McKenzie also deleted a proposal with a high score of 84 to improve sporting facilities by the Woorabinda Aboriginal Shire Council, home of the Wadja Wadja and Yungulu people. The Woorabinda CEO said, “It wasn’t just sport; it was also providing space for women’s events … this would have helped support programs that would engage women, and engaging youth to get physically active and have something to do after school.”
In November 2018 McKenzie praised the importance of sport: “Nothing better captures the Australian spirit, our values and pride than sport … For many Australians, it is the ethos of who we are, and helps to shape our identity“.
Afterwards she vetoed a host of applications that SA confirmed would promote these very ideals. She also showed no concern for the effects of her rejections on the mass of volunteers, who spent countless hours on applications, only to learn that even the most outstanding ones never stood a chance of succeeding.
The government refused to release details of its procedures so unsuccessful applicants had no idea of why they had been rejected. It also repeatedly obstructed attempts by Senate inquires to obtain evidence about how grants were processed. SA declined to provide information about where applicants ranked and why 1,300 were unsuccessful, citing privacy and confidentiality reasons.
The deception was so intricate and clandestine that it took a 10-month investigation by the ANAO, and a series of investigations by journalists and the Senate to uncover just part of the boondoggle. Operatives even made last-minute changes to the program on the day Morrison called the election and while the government was in caretaker mode.
This duplicity is a stark contrast to how Morrison has embedded sport in his carefully orchestrated image as someone who represents and understands ordinary people. One of his favourite photo-ops is “having a go” at sport with school children – the cohort that stood to benefit most from the CSIGP.

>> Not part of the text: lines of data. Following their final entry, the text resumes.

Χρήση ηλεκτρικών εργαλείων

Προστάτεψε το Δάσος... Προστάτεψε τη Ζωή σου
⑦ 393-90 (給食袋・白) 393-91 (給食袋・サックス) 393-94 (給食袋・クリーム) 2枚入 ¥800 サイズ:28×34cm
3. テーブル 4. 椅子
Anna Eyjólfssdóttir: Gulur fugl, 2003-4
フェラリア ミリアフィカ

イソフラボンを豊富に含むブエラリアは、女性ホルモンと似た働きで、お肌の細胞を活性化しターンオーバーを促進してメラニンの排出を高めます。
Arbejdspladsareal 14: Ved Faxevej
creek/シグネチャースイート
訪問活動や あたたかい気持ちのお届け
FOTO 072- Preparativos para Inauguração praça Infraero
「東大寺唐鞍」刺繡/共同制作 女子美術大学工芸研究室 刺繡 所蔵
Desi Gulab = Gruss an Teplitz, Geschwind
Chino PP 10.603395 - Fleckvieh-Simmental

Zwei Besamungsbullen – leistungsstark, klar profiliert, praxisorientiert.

Though the Coalition narrowly won the election, the enormous time, energy, and money it expended on rorting the program was for nought. A statistical analysis found there was no evidence the electorates that received more funding favoured the government. This hubris was not an aberration but a symptom of the Morrison government’s systemic malfeasance. This, in turn, is a consequence of decades of neoliberal governance with concomitant declining levels of accountability and transparency.
Neoliberal ideologues are hostile to criticism due to their high capacity for cognitive dissonance, strong vested interests and deep sense of entitlement. This is why neoliberals insist that market fundamentalism, the cause of catastrophic failures like the GFC, is also the solution.

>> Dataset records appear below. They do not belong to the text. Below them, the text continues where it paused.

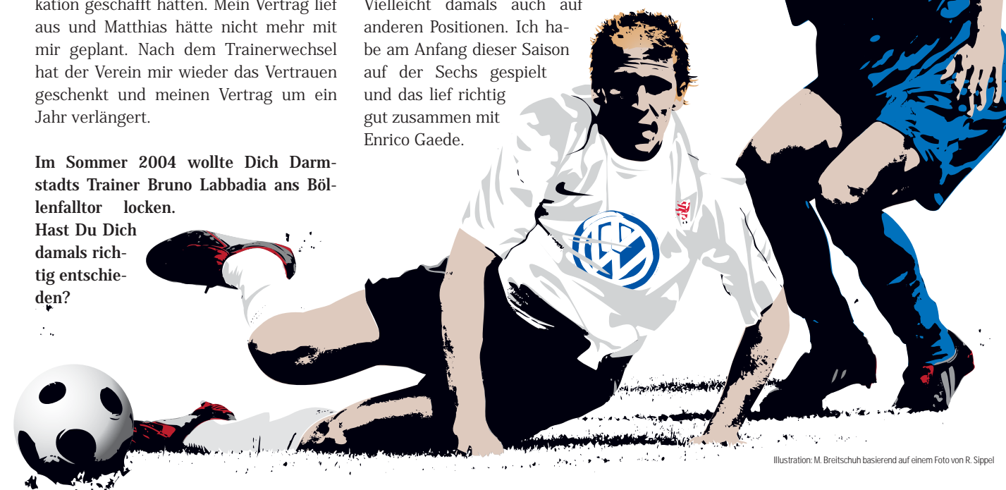
Illustration: M. Breitschuh basierend auf einem Foto von R. Sippel

Hast Du Dich damals richtig entschieden?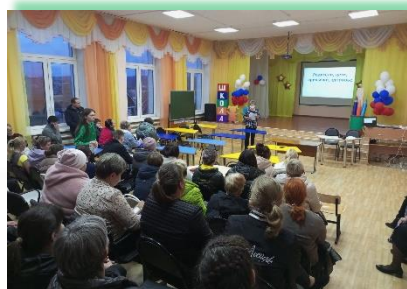
Муниципальное образование «Нижнеудинский район»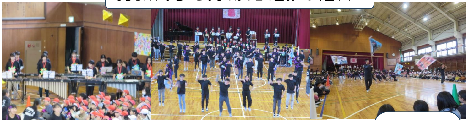
♪栄光の架橋 で退場です。 涙ぐんでいる 6年生さんも いました。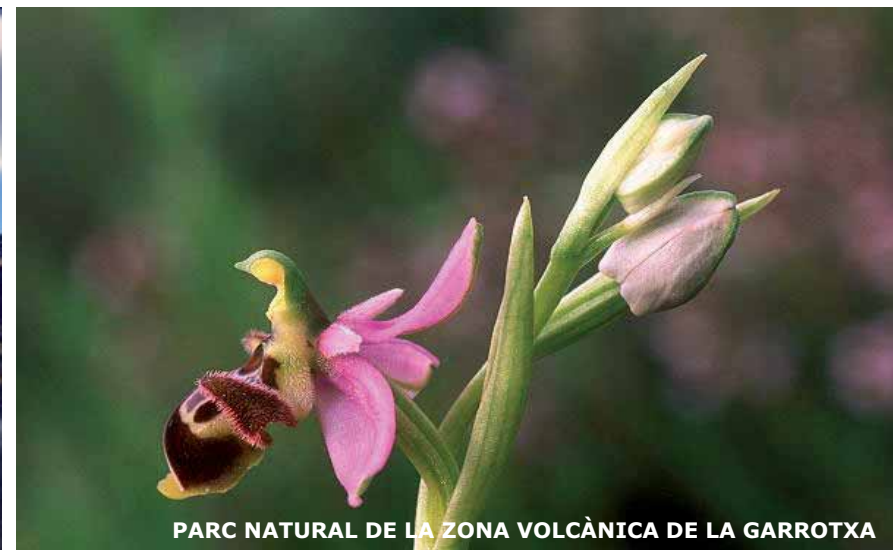
PARC NATURAL DE LA ZONA VOLCÀNICA DE LA GARROTXA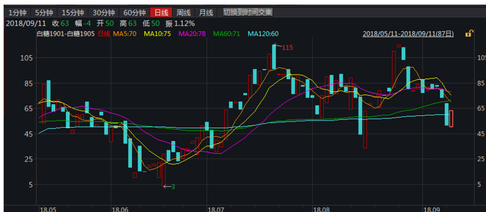
图 1: 郑糖 1-5 价差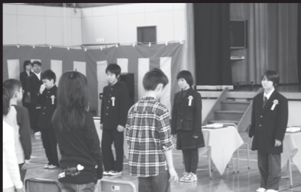
在校生から温かい言葉を贈られる4人の卒業生(3/23奥春別小学校)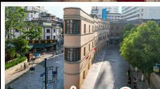
ถนนเก่าคุณหมิง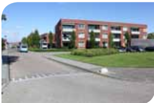
Seniorenflat met ruime binnentuin (niet zichtbaar) van Woningstichting Dinteloord

Nu heeft de samenwerking geen naam, maar levert zij wel veel op. Een greep uit de zestien successen: een gezamenlijke visie op de verwachte bevolkingskrimp, een gezamenlijke woonruimteverdeling via onder andere een internetsite, een regionale woonbeurs en afstemming over woningverkoop met korting.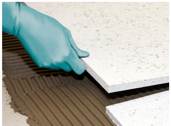
Sopro FliesenDämmPlatten lassen sich leicht verlegen, da sie nur direkt aneinander gestoßen werden müssen.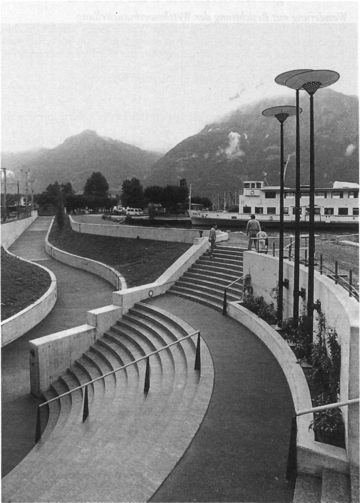
Der ausserrhodische Beitrag am Weg der Schweiz: Seeufergestaltung in Flüelen.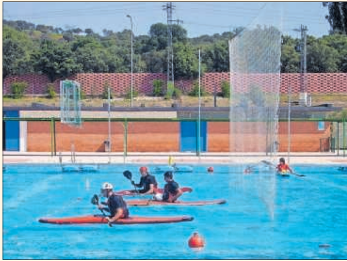
Actividad de piragüismo en la piscina de Puerta de Hierro.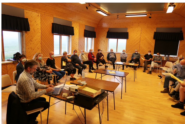
Íbúafundur í Árneshreppi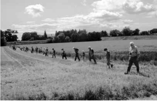
Abb. 4: Freunde und Mitglieder des NABU Mannheim am Tag der Artenvielfalt 2009 bei der Feldhamsterkartierung im „Häusemer Feld“ (Foto Christine Schröter).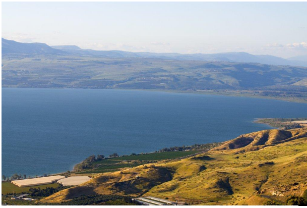
Тивериадское море (озеро) в Галилее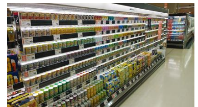
〈缶酎ハイのコーナー〉

This syndrome is particularly apposite to Australia, where Morrison and some of his confidants are strong exponents of the “Prosperity Gospel”.
This context helps to explain why the government was so fixated on retaining power it abandoned several of its fundamental principles, politicised a quintessential community institution, and put mediocrity ahead of evidence-based excellence. In the process it treated thousands of everyday Australians contemptuously.
It also shows that Morrison learned nothing from the scandal. In 2020 he cut $14 million from the ANAO’s annual budget, and then berated calls for a federal integrity agency that were prompted by sports rorts. His recent Trump-like attacks on Labor strongly suggest this year’s election campaign will be even more divisive than the previous one.
Morrison’s authoritarian and punitive tendencies will intensify if his rebadged populist cliches of “can-do capitalism” and “The Australian Way” deliver him a “second coming”.
This article was published by Pearls and Irritations and is reproduced with the author’s permission.
Professor Jim McKay is an Honorary Senior Research Fellow with the Institute for Advanced Studies in the Humanities at The University of Queensland. His latest book is “Transnational Tourism Experiences At Gallipoli”.